• **EXERCISE INSTRUCTIONS**:
Go through the data below and repeat it exactly, skipping each picture.

Dataset records
○ ○ ○ ○ ○

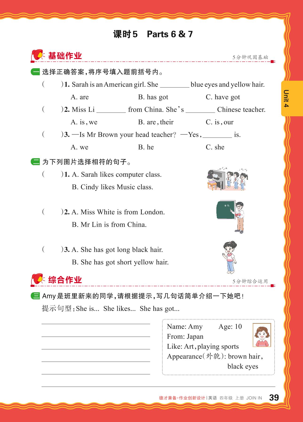 2024秋上册四年级英语剑桥版 Unit 4—课时5 Parts 6 & 7
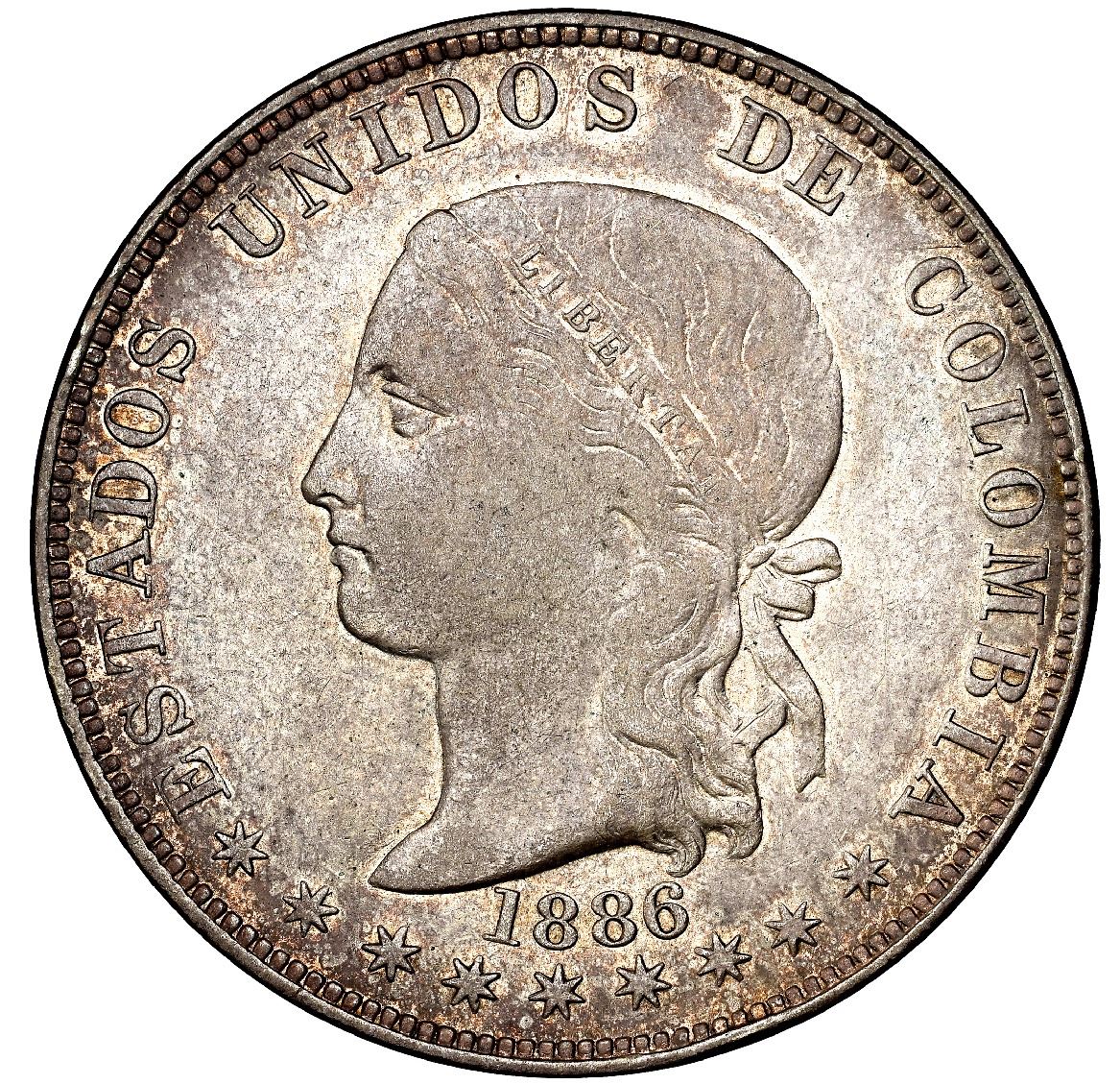 Medellin, Colombia, 5 decimos, 1886, four stars on reverse and accent on DECIMOS, fineness LEI 0.500
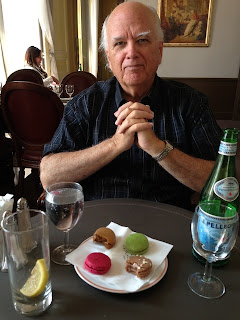 With this kind of acreage inside and out to cover, one works up an appetite. Fortunately, there are solutions to that problem. Our choice was to take advantage of a surprise discovery. Angelina’s has a cafe in the chateau. Angelina’s has been on Anita’s list of “treat” stops since we started planning this trip, for no reason other than the hot chocolate. After some quiche and salad, we settled in to hot chocolate l’africain and macarons. Macarons (not to be confused with macaroons, the coconut cookies you may be familiar with) are little sandwiches of meringue wrapping a delicate creme filling.
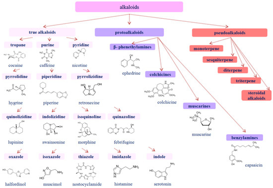 Alkaloids are heterocyclic compounds containing one or more nitrogen atoms and are characterized by significant structural diversity. They are usually divided into several main groups [57]. As a rule, alkaloids are found in plants in the form of salts of malic, tartaric, citric, and other acids. They are divided into true alkaloids; protoalkaloids, which have nitrogen in the side chain; and pseudoalkaloids, which are synthesized through transamination [58] (Figure 2). Figure 2 demonstrates the typical chemical structures of alkaloids belonging to different chemical groups. Vasodilators, anti-hypertensive and anti-arrhythmic compounds, anesthetics, and analgesics have been found among plant alkaloids [59,60]. Alkaloids also demonstrate anti-proliferative, anti-bacterial, and anti-oxidant properties [61]. The therapeutic potential of alkaloids determines their wide industrial application. The immunomodulatory properties of plant alkaloids are also actively discussed [62]. Information on the pharmacological action of some representatives of alkaloids is presented below.
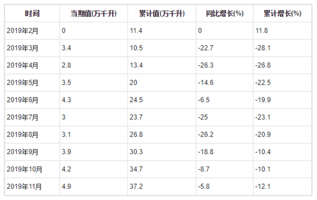 2019年1-11月全國(guó)葡萄酒產(chǎn)量分月數(shù)據(jù)
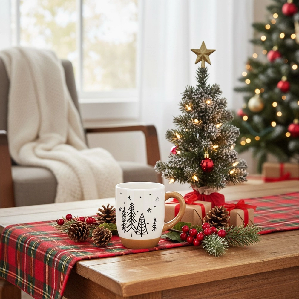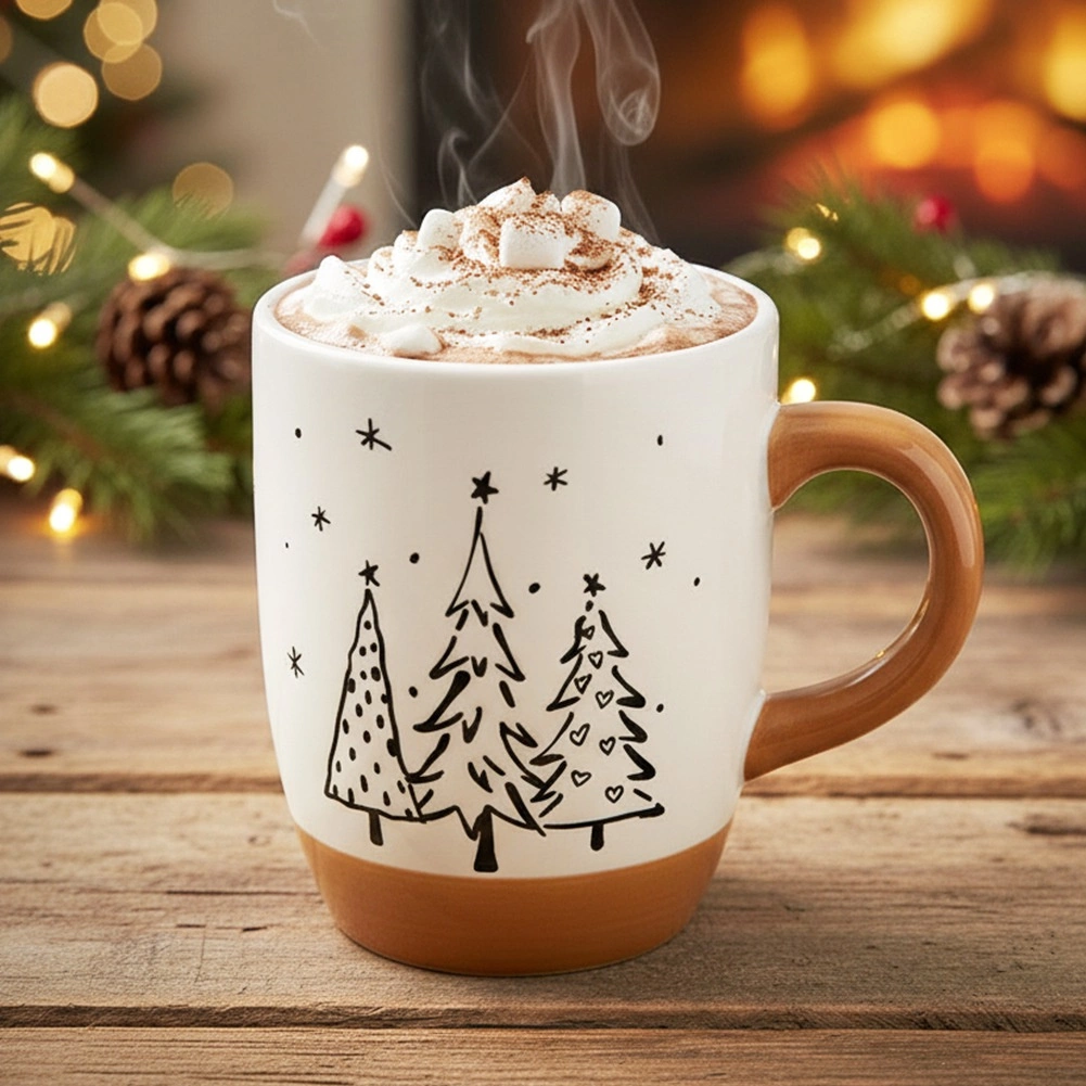 Cană albă cu brazi negri și bază bej care adaugă stil băuturilor de iarnă și creează o atmosferă festivă plăcută.
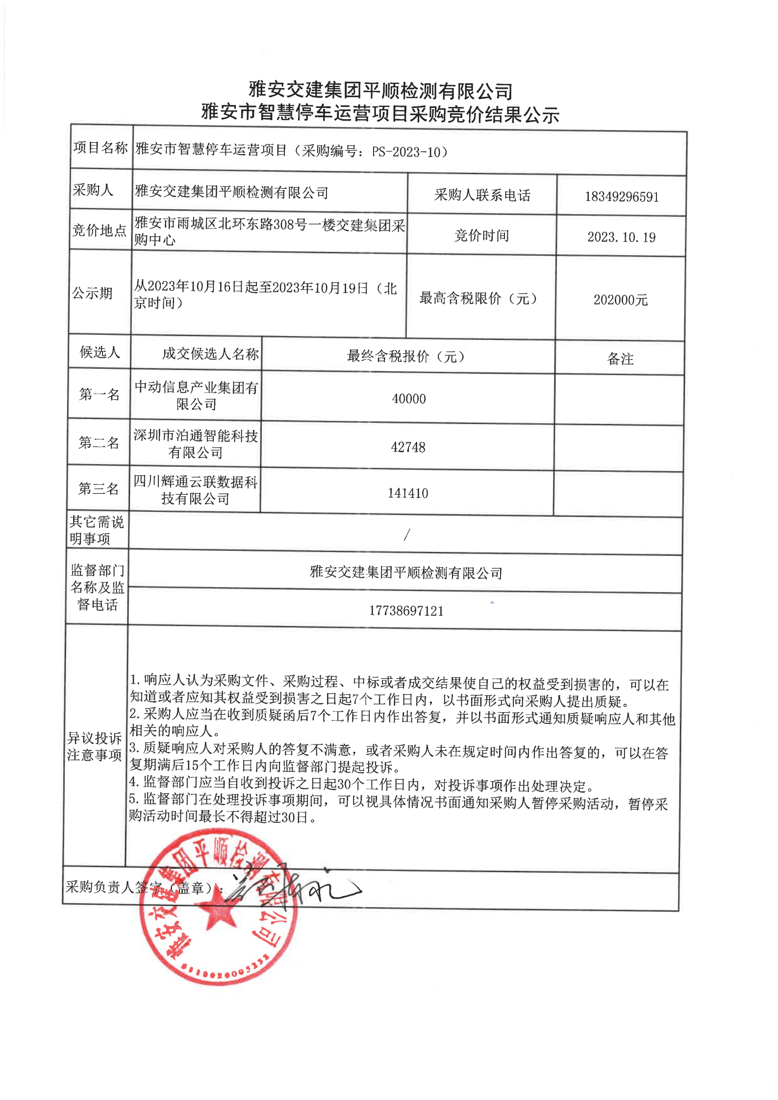 雅安交建集團(tuán)平順檢測有限公司雅安市智慧停車運營項目采購競價結(jié)果公示
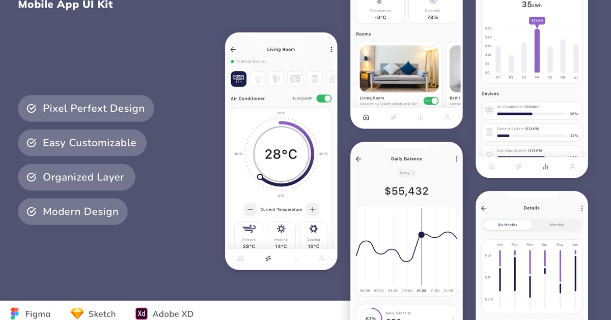 每个屏幕都可完全自定义,易于使用,并针对 Figma、Sketch 和 Adobe XD 进行了精心设计。
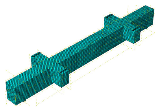 For the beam’s surfaces subjected to fire, the convective heat transfer coefficient was assumed to be a constant of 25 W/(m·K) and the thermal emissivity was recommended to be 0.7. For the no-fire surface, the convective heat transfer coefficient was assumed to be a constant of 9 W/(m·K). For the whole model, the Stefan−Boltzmann constant was assumed to be 5.67 × 10−8 W·m−2·°C−4 [20]. Dense grids were used for the entire model to improve the calculation accuracy. The concrete unit size was 20 mm and the reinforcement unit size was 35 mm.
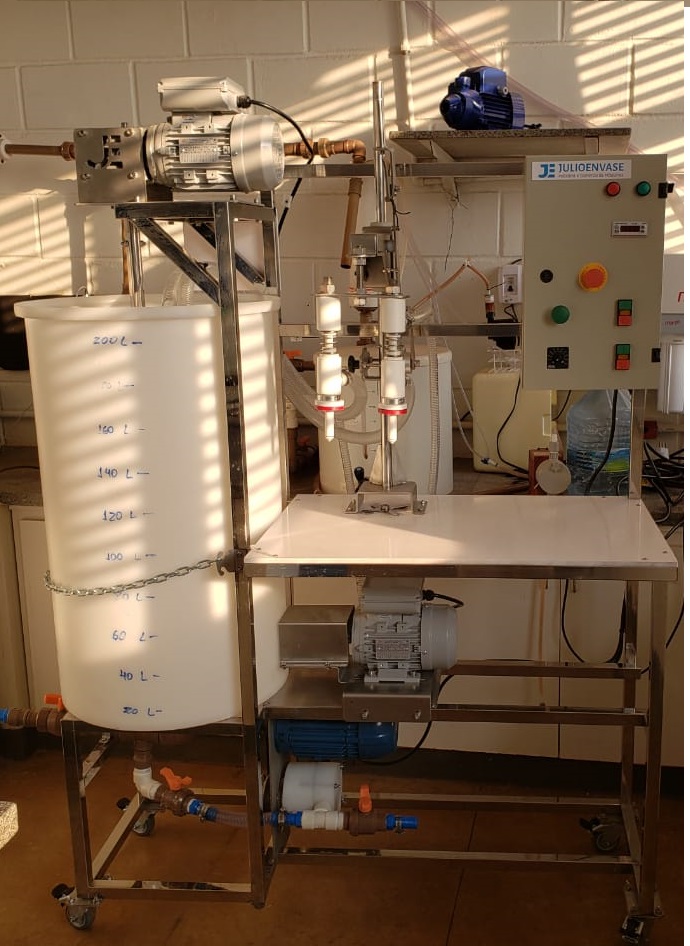 Equipamento para produção e envase de álcool em gel.

○ ○ ○ ○ ○

• **RESPONSE AREA**:
 2024秋上册四年级英语剑桥版 Unit 4—课时5 Parts 6 & 7
 Medellin, Colombia, 5 decimos, 1886, four stars on reverse and accent on DECIMOS, fineness LEI 0.500
 With this kind of acreage inside and out to cover, one works up an appetite. Fortunately, there are solutions to that problem. Our choice was to take advantage of a surprise discovery. Angelina’s has a cafe in the chateau. Angelina’s has been on Anita’s list of “treat” stops since we started planning this trip, for no reason other than the hot chocolate. After some quiche and salad, we settled in to hot chocolate l’africain and macarons. Macarons (not to be confused with macaroons, the coconut cookies you may be familiar with) are little sandwiches of meringue wrapping a delicate creme filling.
 Alkaloids are heterocyclic compounds containing one or more nitrogen atoms and are characterized by significant structural diversity. They are usually divided into several main groups [57]. As a rule, alkaloids are found in plants in the form of salts of malic, tartaric, citric, and other acids. They are divided into true alkaloids; protoalkaloids, which have nitrogen in the side chain; and pseudoalkaloids, which are synthesized through transamination [58] (Figure 2). Figure 2 demonstrates the typical chemical structures of alkaloids belonging to different chemical groups. Vasodilators, anti-hypertensive and anti-arrhythmic compounds, anesthetics, and analgesics have been found among plant alkaloids [59,60]. Alkaloids also demonstrate anti-proliferative, anti-bacterial, and anti-oxidant properties [61]. The therapeutic potential of alkaloids determines their wide industrial application. The immunomodulatory properties of plant alkaloids are also actively discussed [62]. Information on the pharmacological action of some representatives of alkaloids is presented below.
 2019年1-11月全國(guó)葡萄酒產(chǎn)量分月數(shù)據(jù)
 Cană albă cu brazi negri și bază bej care adaugă stil băuturilor de iarnă și creează o atmosferă festivă plăcută.
 雅安交建集團(tuán)平順檢測有限公司雅安市智慧停車運營項目采購競價結(jié)果公示
 每个屏幕都可完全自定义,易于使用,并针对 Figma、Sketch 和 Adobe XD 进行了精心设计。
 For the beam’s surfaces subjected to fire, the convective heat transfer coefficient was assumed to be a constant of 25 W/(m·K) and the thermal emissivity was recommended to be 0.7. For the no-fire surface, the convective heat transfer coefficient was assumed to be a constant of 9 W/(m·K). For the whole model, the Stefan−Boltzmann constant was assumed to be 5.67 × 10−8 W·m−2·°C−4 [20]. Dense grids were used for the entire model to improve the calculation accuracy. The concrete unit size was 20 mm and the reinforcement unit size was 35 mm.
 Equipamento para produção e envase de álcool em gel.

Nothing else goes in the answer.